─── Supplied material ───
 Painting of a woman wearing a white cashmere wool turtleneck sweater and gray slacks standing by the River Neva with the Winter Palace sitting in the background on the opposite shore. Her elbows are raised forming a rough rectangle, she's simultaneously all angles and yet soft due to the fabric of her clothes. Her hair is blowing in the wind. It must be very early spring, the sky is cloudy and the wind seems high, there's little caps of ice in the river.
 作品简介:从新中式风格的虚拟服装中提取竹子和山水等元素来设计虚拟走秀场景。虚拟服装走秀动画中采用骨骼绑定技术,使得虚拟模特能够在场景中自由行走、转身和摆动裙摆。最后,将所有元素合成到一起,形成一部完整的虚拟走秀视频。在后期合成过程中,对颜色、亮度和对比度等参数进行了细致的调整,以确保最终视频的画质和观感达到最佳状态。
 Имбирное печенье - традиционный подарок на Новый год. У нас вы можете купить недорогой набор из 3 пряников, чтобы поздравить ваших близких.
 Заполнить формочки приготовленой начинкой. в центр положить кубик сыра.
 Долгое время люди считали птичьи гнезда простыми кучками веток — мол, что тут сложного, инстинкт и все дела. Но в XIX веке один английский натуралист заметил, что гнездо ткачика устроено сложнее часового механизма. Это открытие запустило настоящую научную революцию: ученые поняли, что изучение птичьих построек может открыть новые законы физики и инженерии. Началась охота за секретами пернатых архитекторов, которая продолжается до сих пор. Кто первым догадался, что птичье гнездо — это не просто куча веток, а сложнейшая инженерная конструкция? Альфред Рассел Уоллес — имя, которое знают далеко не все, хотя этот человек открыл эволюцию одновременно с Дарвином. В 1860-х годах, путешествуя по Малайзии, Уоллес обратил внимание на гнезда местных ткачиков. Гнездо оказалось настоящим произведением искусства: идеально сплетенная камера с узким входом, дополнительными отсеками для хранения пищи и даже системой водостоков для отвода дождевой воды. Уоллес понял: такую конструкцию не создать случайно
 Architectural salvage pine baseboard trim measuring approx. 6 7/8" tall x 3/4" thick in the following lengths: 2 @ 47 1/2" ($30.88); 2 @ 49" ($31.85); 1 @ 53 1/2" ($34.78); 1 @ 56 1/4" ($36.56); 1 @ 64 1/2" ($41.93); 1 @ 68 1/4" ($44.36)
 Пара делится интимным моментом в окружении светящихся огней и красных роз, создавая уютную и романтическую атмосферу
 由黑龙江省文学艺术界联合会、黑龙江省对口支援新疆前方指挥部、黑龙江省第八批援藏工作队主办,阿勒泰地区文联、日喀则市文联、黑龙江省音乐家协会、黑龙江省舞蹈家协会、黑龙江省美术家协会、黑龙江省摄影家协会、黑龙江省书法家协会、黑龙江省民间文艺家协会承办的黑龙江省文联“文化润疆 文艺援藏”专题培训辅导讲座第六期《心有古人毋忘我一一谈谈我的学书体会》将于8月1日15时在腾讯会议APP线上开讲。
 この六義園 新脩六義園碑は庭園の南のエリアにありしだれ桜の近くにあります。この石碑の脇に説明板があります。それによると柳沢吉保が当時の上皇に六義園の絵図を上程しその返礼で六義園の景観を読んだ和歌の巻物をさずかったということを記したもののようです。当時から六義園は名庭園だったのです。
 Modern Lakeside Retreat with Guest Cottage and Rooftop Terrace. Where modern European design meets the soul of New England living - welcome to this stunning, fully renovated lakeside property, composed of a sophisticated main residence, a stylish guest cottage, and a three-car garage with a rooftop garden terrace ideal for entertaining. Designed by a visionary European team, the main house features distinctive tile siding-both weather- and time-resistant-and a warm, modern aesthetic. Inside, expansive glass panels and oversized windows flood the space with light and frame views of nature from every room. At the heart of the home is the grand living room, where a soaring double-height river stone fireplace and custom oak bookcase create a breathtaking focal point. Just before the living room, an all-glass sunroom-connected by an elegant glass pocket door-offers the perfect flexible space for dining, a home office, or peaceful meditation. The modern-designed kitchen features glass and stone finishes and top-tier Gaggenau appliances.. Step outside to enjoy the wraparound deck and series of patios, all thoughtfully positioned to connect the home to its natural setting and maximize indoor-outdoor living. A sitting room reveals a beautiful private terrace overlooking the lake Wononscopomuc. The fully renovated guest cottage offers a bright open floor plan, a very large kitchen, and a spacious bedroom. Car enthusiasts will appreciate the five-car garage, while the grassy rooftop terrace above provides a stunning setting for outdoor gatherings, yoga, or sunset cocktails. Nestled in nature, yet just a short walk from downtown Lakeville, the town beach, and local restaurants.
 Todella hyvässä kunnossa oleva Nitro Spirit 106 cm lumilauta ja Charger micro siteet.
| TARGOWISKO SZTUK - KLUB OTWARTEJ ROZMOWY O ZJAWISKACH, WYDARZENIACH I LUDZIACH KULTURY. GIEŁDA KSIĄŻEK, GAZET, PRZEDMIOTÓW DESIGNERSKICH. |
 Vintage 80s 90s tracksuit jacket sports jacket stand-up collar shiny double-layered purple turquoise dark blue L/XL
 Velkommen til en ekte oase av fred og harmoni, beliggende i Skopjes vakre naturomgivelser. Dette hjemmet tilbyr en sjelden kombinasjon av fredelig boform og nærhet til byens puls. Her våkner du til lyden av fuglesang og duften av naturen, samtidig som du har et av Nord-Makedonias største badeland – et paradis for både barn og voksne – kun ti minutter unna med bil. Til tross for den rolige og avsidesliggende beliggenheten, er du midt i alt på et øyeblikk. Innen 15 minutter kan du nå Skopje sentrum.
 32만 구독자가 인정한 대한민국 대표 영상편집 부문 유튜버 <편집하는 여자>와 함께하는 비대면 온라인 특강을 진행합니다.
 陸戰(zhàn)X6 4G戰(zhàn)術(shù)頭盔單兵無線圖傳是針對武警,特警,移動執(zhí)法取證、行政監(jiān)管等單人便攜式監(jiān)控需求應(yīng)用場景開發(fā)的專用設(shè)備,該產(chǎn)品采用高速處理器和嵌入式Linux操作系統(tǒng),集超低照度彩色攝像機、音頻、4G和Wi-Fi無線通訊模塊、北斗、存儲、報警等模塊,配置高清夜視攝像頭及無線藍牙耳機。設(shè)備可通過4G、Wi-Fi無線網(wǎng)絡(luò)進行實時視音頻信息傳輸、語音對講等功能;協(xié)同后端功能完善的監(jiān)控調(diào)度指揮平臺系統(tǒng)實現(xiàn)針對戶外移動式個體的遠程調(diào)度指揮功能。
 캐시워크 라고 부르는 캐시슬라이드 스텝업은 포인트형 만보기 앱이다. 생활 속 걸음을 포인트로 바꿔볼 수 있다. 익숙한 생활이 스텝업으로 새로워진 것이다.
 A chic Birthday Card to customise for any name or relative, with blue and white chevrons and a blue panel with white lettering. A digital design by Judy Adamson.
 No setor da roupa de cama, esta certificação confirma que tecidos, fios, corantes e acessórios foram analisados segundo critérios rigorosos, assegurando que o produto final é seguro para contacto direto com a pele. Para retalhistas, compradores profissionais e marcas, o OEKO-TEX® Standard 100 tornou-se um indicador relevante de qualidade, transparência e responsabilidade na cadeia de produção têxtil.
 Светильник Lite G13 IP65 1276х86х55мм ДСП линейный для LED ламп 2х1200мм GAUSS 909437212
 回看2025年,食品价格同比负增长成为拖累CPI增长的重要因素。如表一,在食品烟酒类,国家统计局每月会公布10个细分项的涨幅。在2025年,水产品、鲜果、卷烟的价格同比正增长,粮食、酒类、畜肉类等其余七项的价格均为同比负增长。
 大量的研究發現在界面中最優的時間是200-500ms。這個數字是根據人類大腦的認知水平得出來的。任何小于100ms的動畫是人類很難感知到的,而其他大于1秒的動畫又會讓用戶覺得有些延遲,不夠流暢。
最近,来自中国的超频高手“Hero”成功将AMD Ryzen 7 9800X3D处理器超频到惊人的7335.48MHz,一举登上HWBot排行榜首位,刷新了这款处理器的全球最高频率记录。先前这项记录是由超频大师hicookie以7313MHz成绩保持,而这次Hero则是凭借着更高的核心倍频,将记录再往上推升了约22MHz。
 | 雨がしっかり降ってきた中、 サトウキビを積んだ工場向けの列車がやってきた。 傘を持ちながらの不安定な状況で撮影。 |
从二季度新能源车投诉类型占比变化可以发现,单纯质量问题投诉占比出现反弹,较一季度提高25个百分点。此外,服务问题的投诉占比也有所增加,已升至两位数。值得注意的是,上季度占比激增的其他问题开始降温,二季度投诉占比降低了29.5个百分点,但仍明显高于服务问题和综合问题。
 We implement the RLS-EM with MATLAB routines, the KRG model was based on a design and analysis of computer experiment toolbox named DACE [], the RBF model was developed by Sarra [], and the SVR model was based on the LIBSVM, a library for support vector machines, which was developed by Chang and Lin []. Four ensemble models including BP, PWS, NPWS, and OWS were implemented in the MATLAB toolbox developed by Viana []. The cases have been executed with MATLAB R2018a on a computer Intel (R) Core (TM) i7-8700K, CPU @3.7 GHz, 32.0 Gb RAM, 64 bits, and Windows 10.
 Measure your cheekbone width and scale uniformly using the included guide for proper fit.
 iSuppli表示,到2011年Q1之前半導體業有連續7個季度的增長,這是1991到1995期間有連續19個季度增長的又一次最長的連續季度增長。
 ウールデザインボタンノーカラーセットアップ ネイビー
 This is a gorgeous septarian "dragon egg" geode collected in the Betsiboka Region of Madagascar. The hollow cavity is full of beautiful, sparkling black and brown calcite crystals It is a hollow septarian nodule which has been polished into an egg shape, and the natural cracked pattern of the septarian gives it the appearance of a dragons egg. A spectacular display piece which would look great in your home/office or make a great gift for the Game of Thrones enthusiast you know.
───
What you should do:
Only the lines from the one containing "We implement the" through the end of the records above belong in the answer, each exactly as written.

Answer to this problem:
 We implement the RLS-EM with MATLAB routines, the KRG model was based on a design and analysis of computer experiment toolbox named DACE [], the RBF model was developed by Sarra [], and the SVR model was based on the LIBSVM, a library for support vector machines, which was developed by Chang and Lin []. Four ensemble models including BP, PWS, NPWS, and OWS were implemented in the MATLAB toolbox developed by Viana []. The cases have been executed with MATLAB R2018a on a computer Intel (R) Core (TM) i7-8700K, CPU @3.7 GHz, 32.0 Gb RAM, 64 bits, and Windows 10.
 Measure your cheekbone width and scale uniformly using the included guide for proper fit.
 iSuppli表示,到2011年Q1之前半導體業有連續7個季度的增長,這是1991到1995期間有連續19個季度增長的又一次最長的連續季度增長。
 ウールデザインボタンノーカラーセットアップ ネイビー
 This is a gorgeous septarian "dragon egg" geode collected in the Betsiboka Region of Madagascar. The hollow cavity is full of beautiful, sparkling black and brown calcite crystals It is a hollow septarian nodule which has been polished into an egg shape, and the natural cracked pattern of the septarian gives it the appearance of a dragons egg. A spectacular display piece which would look great in your home/office or make a great gift for the Game of Thrones enthusiast you know.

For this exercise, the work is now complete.